I didn't feel much like cooking tonight, so I was able to meet up with Shane and Billie for dinner out and enjoy time with friends.  Since this is the week of my cycle (well this week and next...lucky me gets it for nearly 2 weeks out of the month!), and I already have some serious bloating going on, I wasn't too concerned about the sodium from the restaurant food.  It was just nice to relax with friends and let my brain unwind.

When I left the restaurant, I checked my cell phone that I had left in the car, and had a missed call from Sean.  We have gone from blogging buddies to really good friends.  I called him back and we had a nice little chat.  He's a super great guy...just love him to pieces.  Then one of my friends, Chris, who I've known and loved since high school (he, Pam and I all went to school together), called me and we caught up with each other.  I did a post about him when he came to Atlanta to visit during Halloween weekend.  You can find it here.
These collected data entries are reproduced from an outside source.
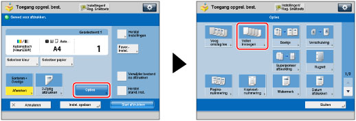 Om papier in te voeren vanuit de Document Insertion Unit-N1, selecteert u [Invoeg- module 1] of [Invoeg- module 2]. Als voor de huidige opdracht papier wordt ingevoerd uit de Document Insertion Unit-N1, drukt u op [Wijzig inv. 1 vel] of [Wijzig inv. 2 vel] om papier te selecteren voor invoegbladen.
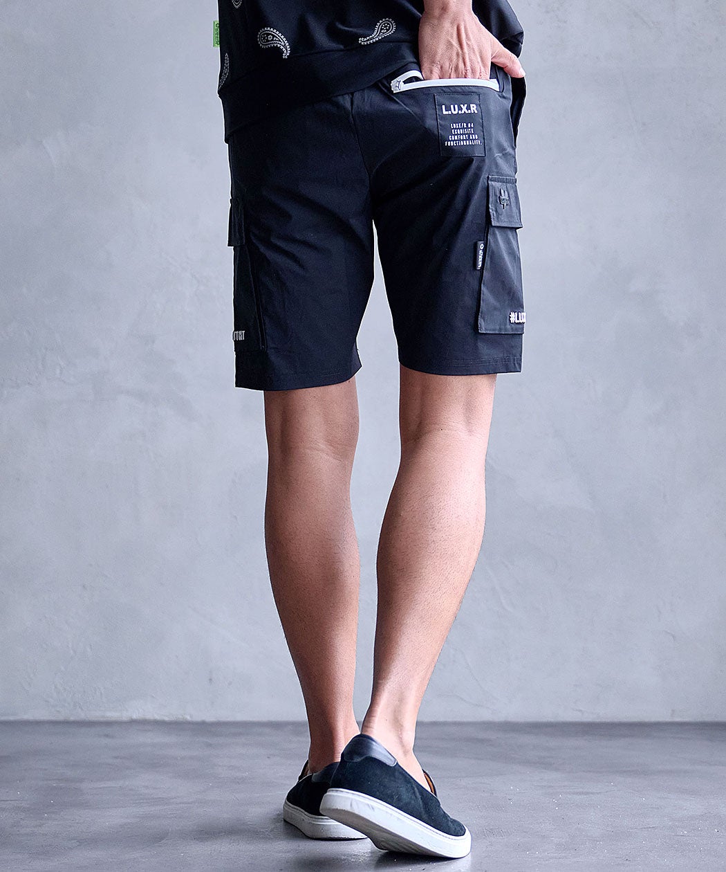 他の画像を見る ハーフパンツ メンズ ゴルフ ショーツ 短パン 膝上 カーゴ イージーパンツ 綿 ナイロン 布帛 軽量 速乾 ロゴ 刺繍 プリント ワンポイント 細身 ストレッチ 黒 スポーツ 服 春 夏 男性 LUXE/R(ラグジュ)ストレッチナイロン布帛ショーツ/全4色 販売価格 ¥ 8,690 税込 カートに入れる お気に入りに登録する
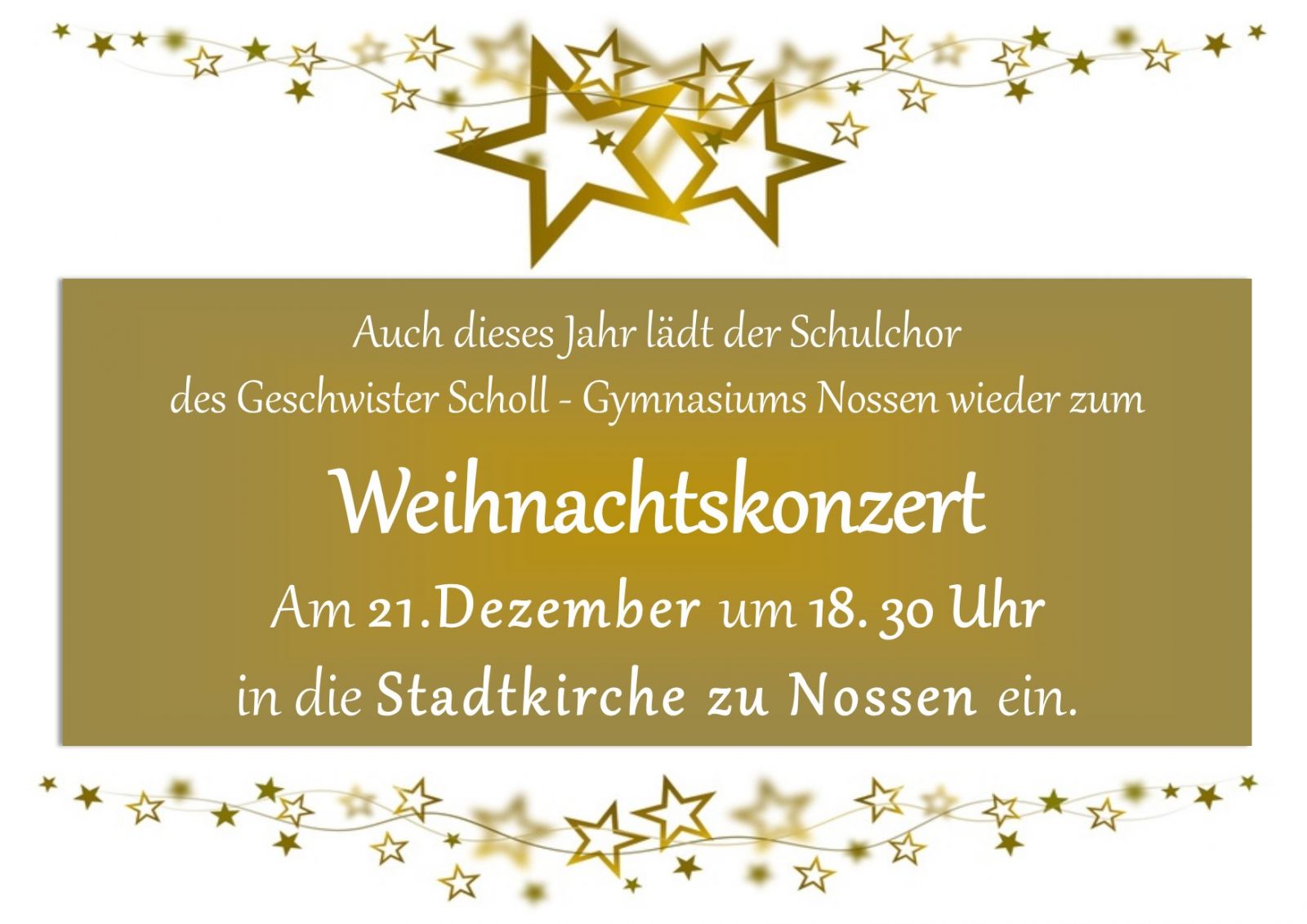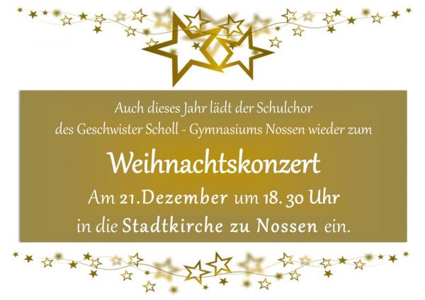 Um diesen Dingen ein wenig näher zu kommen, gestaltet der Schulchor des Geschwister – Scholl Gymnasiums Nossen wieder ein Weihnachtskonzert in der Kirche in Nossen für Sie. Dabei haben sie endlich die Möglichkeit zu entspannen und den wundervollen Gesängen zu lauschen.
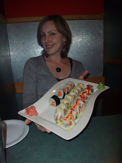 Then we had another date night, Kevin's pick. Even though I grew up in a coastal town, I had never had sushi. I'm not a huge seafood fan, so I had never sought it out. Kevin loves it and finally got me to try it, convincing me that it's not just "food" it's an "experience." And ... I actually really liked it. A lot. It had excellent flavor and texture. I will definitely try it again.

And finally, one of my co-workers from my last job, Tasha, texted me tonight and told me that her company (she just found a new job in December) is hiring right now for a customer service analyst!  It's a permanent position in Downtown Atlanta.  She asked for my email and is going to send me some info on applying for the position tomorrow!! 

So I've had blessings all around today, from receiving the extension, to getting to chat with so many good friends and family, to hearing about a job opening from a previous co-worker.  I thank God for giving me such a good day and lifting my spirits in so many ways.  I hope all of you had a wonderful day, too.  :)

Quote For the Day:

"The world of achievement has always belonged to the optimist."  -Harold Wilkins

Monday, March 15, 2010

One Of These Days...

One of these days, all the bad crap in my life is going to pass and I'm going to have nothing but bright and cheery stuff to post about, full of rainbows and butterflies.  But for now....I'll just tell you how my Monday was.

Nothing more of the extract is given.